West Nile Cases Drop
AKRON, Ohio — Health officials are puzzled over why the West Nile virus, which killed 31 Ohioans just three years ago, has been drastically reduced as a summer threat.
Some say changes in the weather and wider immunity might be the reason the number of cases in humans has dropped more than 97 percent during the last two summers, but they have no definitive answer.
“We like it,” said Dr. Marguerite Erme of the Akron Health Department about the drop in reported cases. “But as to why it’s occurred — we’re not sure.”
More than 400 cases were reported in Ohio in 2002. That number dropped to 108 in 2003, and then to just 12 last year. Eight people died in 2003, and two in 2004.
So far this year, one case has been reported in the state, in a 26-year-old man from Darke County in western Ohio. Most people infected with the virus show no symptoms at all, or only very mild ones. Symptoms include fever, headache, rash, general muscle aches and weakness, gastrointestinal distress and lymph node inflammation.
Nationwide, the number of cases dropped for the first time last year, plunging from 9,862 in 2003 to 2,539. Deaths fell from 264 to 100.
The U.S. Centers for Disease Control and Prevention have reported 25 cases and one death across the country this summer.

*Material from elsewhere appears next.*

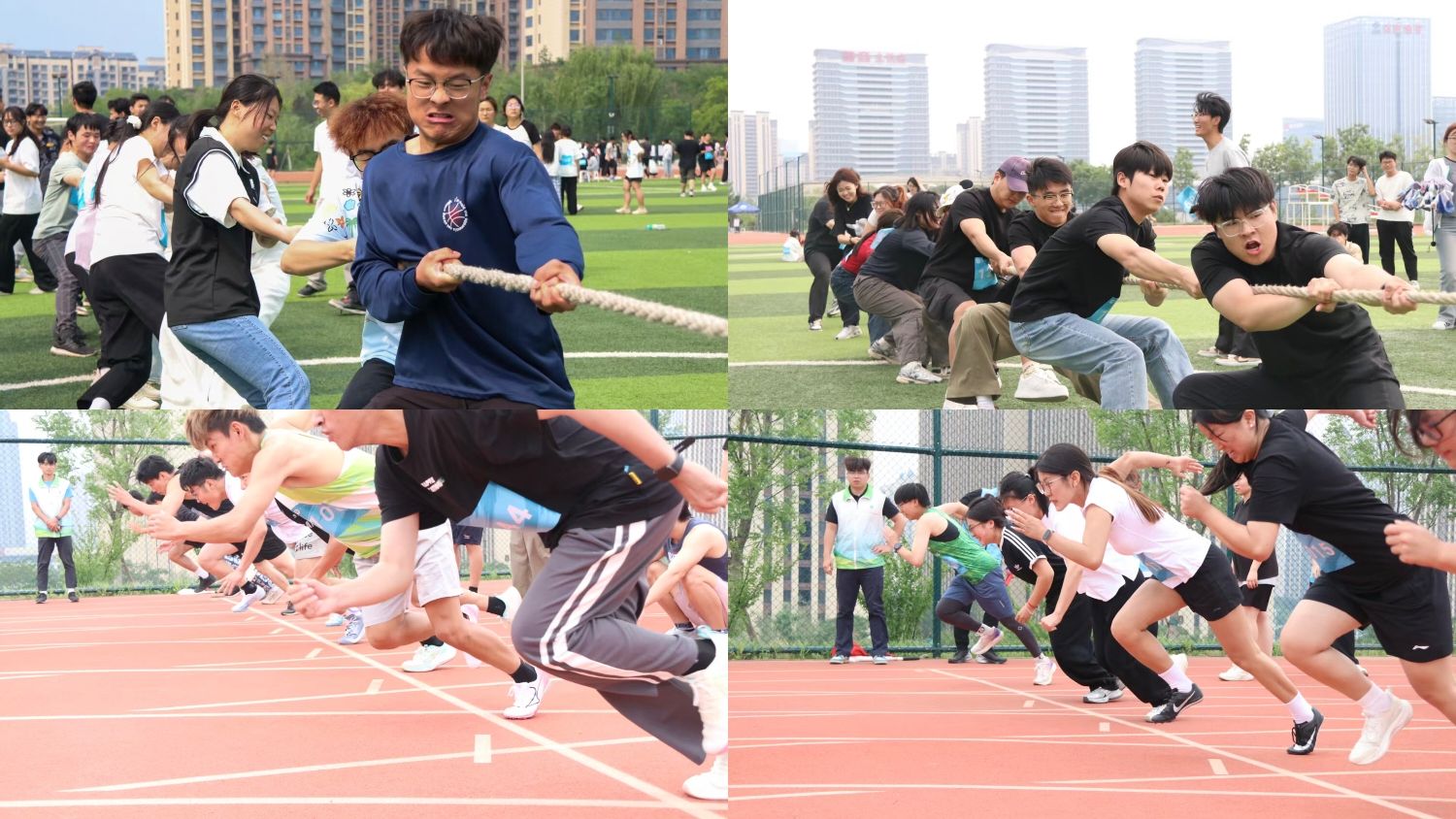 学生组拔河比赛中,队员们青筋暴起却笑容灿烂,此起彼伏的加油声化作奋进动力;短跑选手如离弦之箭,绷紧的肌肉线条勾勒出青春最美的剪影。教师组更是精彩纷呈:拔河赛场上的学者们化身“力士”,背对背拥“爆”时的默契配合引发阵阵欢笑,三尺讲台外的别样风采令人耳目一新。
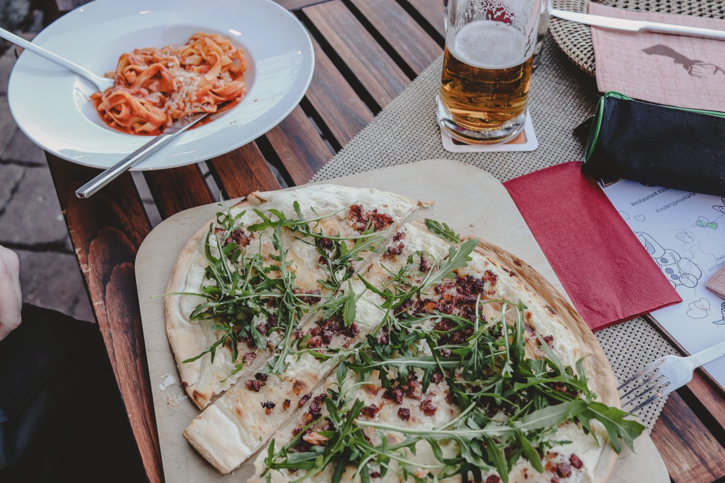 Dafür haben wir uns allerdings nicht direkt im Hotel, sondern in einer gemütlichen Ferienwohnung („Zirbelwohnung“, ca. 120 Euro/Nacht) auf dem Gelände eingemietet. Ein Hotelzimmer wäre zu teuer gewesen und das Apartment war vollkommen ausreichend für uns, wenn auch nicht besonders luxuriös. Trotzdem: Ein großes Wohnzimmer unter dem Dach, zwei Schlafzimmer und Bäder sowie eine kleine Küche waren perfekt für uns, um in Ruhe zu duschen, morgens den Kinderkanal zu schauen und die nächtliche Milchflasche für Baby Peng zuzubereiten.

Ohio health officials said part of the reason for the drop could be the change in weather. The mosquitoes that spread the disease thrive on wet springs and dry summers, which were the conditions in 2002 when the virus first appeared in the state.
Although rain has been scarce in much of Ohio during the last several weeks, the spring was also dry, leading to fewer pools of standing water where mosquitoes breed.
Kristopher Weiss, a spokesman for the Ohio Department of Health, said the public’s greater knowledge of the need to avoid mosquito bites also contributed to the decline.
But Cuyahoga County Health Commissioner Terry Allan said a study of county residents in 2003 showed that although almost all knew about the virus, few took steps to prevent bites.
“They knew the risks, but they did very little to protect themselves,” he said.
Fewer than one in five used mosquito repellent, and fewer than half got rid of standing water on their property, he said.
Allan said the survey, which included blood tests, showed some people had immunity to the virus but were unaware of it. The test showed that between 2 percent and 5 percent of Cuyahoga County residents carried antibodies to the virus in 2003.
Weiss says it’s unlikely that immunity could be completely responsible for the drop. Most studies have shown that about 3 percent of the population is exposed to the virus each year, which means less than 10 percent of Ohioans would be immune, he said.
That’s “not enough to see the dramatic knockdown in the numbers that we’ve seen over the past few years,” Weiss said.
Because they cannot determine an exact cause for the decline, health officials say residents need to continue avoiding mosquito bites.
“We need to pay attention,” Allan said. “It’s hard to know when it might come back again.”
Text of fax box follows:
Not contagious
The West Nile virus is primarily a disease of birds and can be spread to people by infected mosquitoes.
It is not contagious from person to person.